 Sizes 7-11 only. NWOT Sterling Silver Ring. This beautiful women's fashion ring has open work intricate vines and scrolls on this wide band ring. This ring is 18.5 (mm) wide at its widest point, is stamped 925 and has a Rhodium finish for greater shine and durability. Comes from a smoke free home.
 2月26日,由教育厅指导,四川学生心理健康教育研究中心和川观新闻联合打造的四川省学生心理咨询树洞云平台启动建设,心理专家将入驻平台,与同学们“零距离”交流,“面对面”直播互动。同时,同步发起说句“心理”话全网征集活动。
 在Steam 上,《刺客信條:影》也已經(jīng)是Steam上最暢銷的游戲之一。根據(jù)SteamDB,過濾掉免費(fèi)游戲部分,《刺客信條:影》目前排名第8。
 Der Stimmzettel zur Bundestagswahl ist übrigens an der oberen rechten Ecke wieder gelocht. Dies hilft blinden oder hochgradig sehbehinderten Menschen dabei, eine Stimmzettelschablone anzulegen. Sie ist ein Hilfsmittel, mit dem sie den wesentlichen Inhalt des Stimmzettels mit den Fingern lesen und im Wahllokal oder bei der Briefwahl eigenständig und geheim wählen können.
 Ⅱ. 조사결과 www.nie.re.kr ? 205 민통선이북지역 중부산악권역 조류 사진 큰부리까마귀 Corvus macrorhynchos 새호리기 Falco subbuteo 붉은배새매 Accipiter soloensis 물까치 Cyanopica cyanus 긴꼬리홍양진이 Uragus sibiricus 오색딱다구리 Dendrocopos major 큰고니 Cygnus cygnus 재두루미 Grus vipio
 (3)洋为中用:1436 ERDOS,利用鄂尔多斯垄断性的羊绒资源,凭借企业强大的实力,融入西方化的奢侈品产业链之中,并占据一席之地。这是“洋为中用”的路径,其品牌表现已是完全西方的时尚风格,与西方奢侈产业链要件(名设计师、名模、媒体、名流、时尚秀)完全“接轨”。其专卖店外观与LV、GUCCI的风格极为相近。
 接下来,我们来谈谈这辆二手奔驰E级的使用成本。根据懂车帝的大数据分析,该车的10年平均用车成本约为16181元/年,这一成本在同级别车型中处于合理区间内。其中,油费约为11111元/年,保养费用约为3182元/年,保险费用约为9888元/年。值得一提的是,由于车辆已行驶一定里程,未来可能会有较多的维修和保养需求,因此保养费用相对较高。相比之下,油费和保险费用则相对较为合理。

################

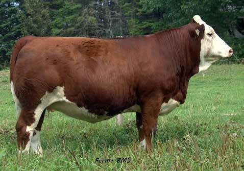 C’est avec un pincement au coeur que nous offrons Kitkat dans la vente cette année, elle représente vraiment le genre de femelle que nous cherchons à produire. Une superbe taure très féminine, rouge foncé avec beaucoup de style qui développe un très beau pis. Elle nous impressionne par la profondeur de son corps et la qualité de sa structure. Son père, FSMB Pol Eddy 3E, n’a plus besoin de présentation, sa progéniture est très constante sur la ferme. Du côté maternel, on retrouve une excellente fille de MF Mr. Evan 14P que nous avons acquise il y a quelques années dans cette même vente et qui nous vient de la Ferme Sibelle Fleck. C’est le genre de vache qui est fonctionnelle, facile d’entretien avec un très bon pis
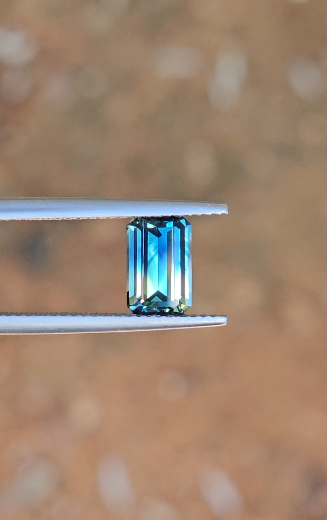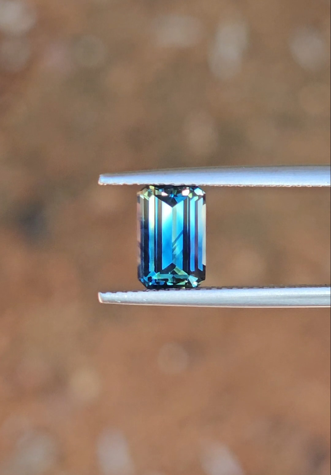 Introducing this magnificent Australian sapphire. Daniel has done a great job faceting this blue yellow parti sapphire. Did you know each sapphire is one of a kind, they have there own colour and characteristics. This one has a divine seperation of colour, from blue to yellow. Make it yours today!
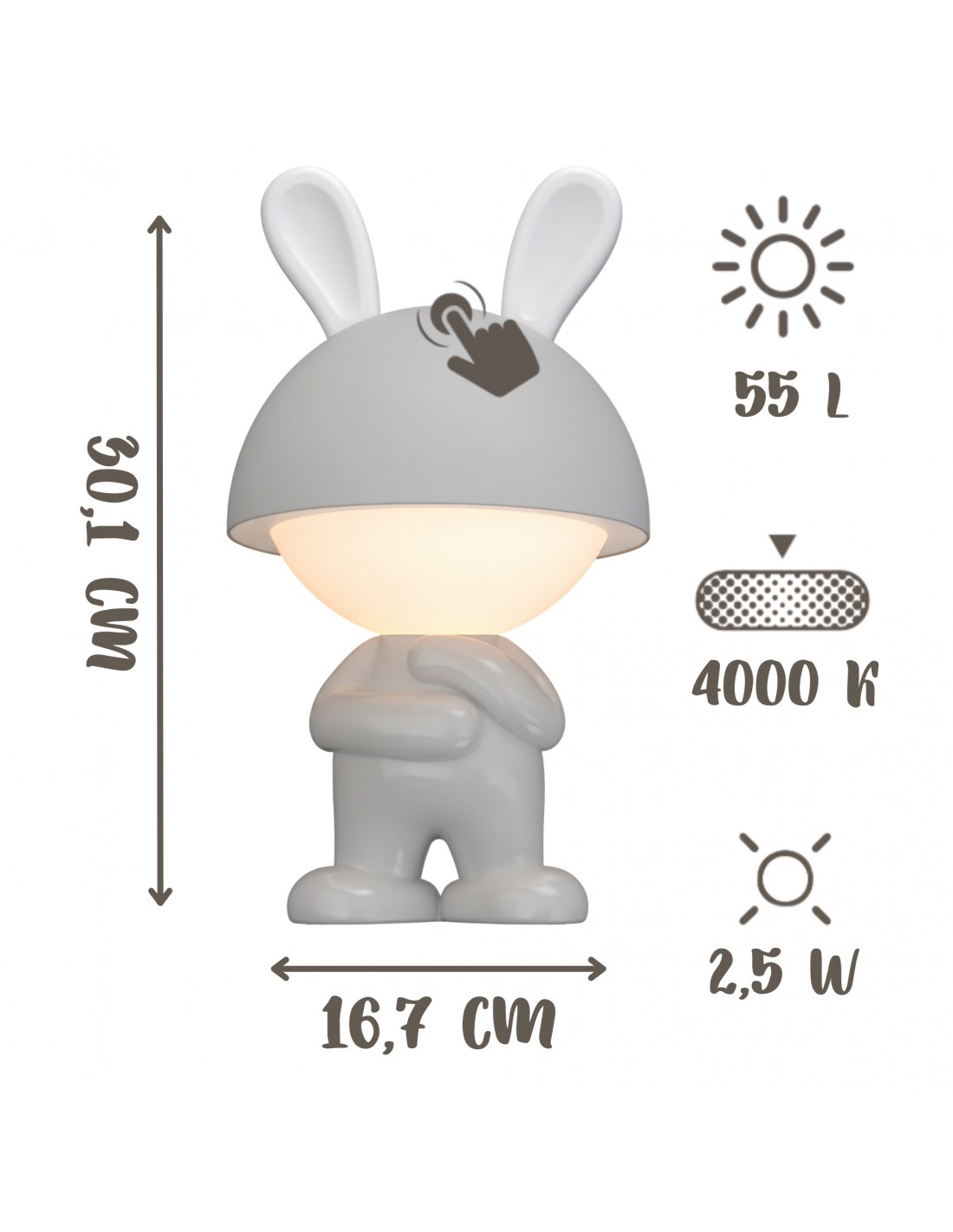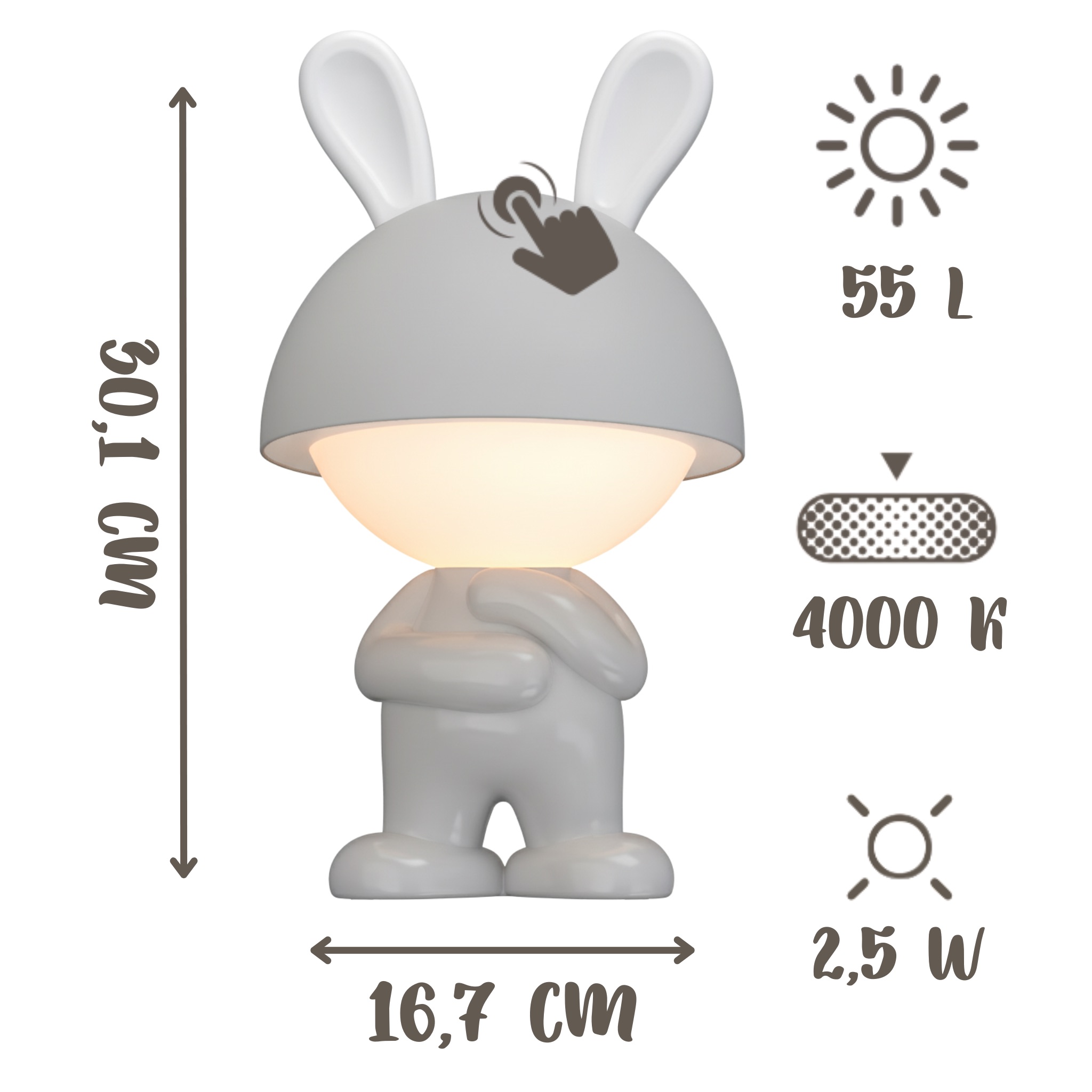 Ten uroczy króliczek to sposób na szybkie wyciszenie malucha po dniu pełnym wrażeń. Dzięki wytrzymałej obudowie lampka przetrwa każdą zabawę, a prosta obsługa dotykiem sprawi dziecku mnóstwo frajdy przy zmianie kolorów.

################

What this task involves: Please output the lines of the listing above that fall in the stretch from the one with "2月26日,由教育厅指导,四" through the one with "Ⅱ. 조사결과 www.nie.re.kr", exactly and only those.

Reply:
 2月26日,由教育厅指导,四川学生心理健康教育研究中心和川观新闻联合打造的四川省学生心理咨询树洞云平台启动建设,心理专家将入驻平台,与同学们“零距离”交流,“面对面”直播互动。同时,同步发起说句“心理”话全网征集活动。
 在Steam 上,《刺客信條:影》也已經(jīng)是Steam上最暢銷的游戲之一。根據(jù)SteamDB,過濾掉免費(fèi)游戲部分,《刺客信條:影》目前排名第8。
 Der Stimmzettel zur Bundestagswahl ist übrigens an der oberen rechten Ecke wieder gelocht. Dies hilft blinden oder hochgradig sehbehinderten Menschen dabei, eine Stimmzettelschablone anzulegen. Sie ist ein Hilfsmittel, mit dem sie den wesentlichen Inhalt des Stimmzettels mit den Fingern lesen und im Wahllokal oder bei der Briefwahl eigenständig und geheim wählen können.
 Ⅱ. 조사결과 www.nie.re.kr ? 205 민통선이북지역 중부산악권역 조류 사진 큰부리까마귀 Corvus macrorhynchos 새호리기 Falco subbuteo 붉은배새매 Accipiter soloensis 물까치 Cyanopica cyanus 긴꼬리홍양진이 Uragus sibiricus 오색딱다구리 Dendrocopos major 큰고니 Cygnus cygnus 재두루미 Grus vipio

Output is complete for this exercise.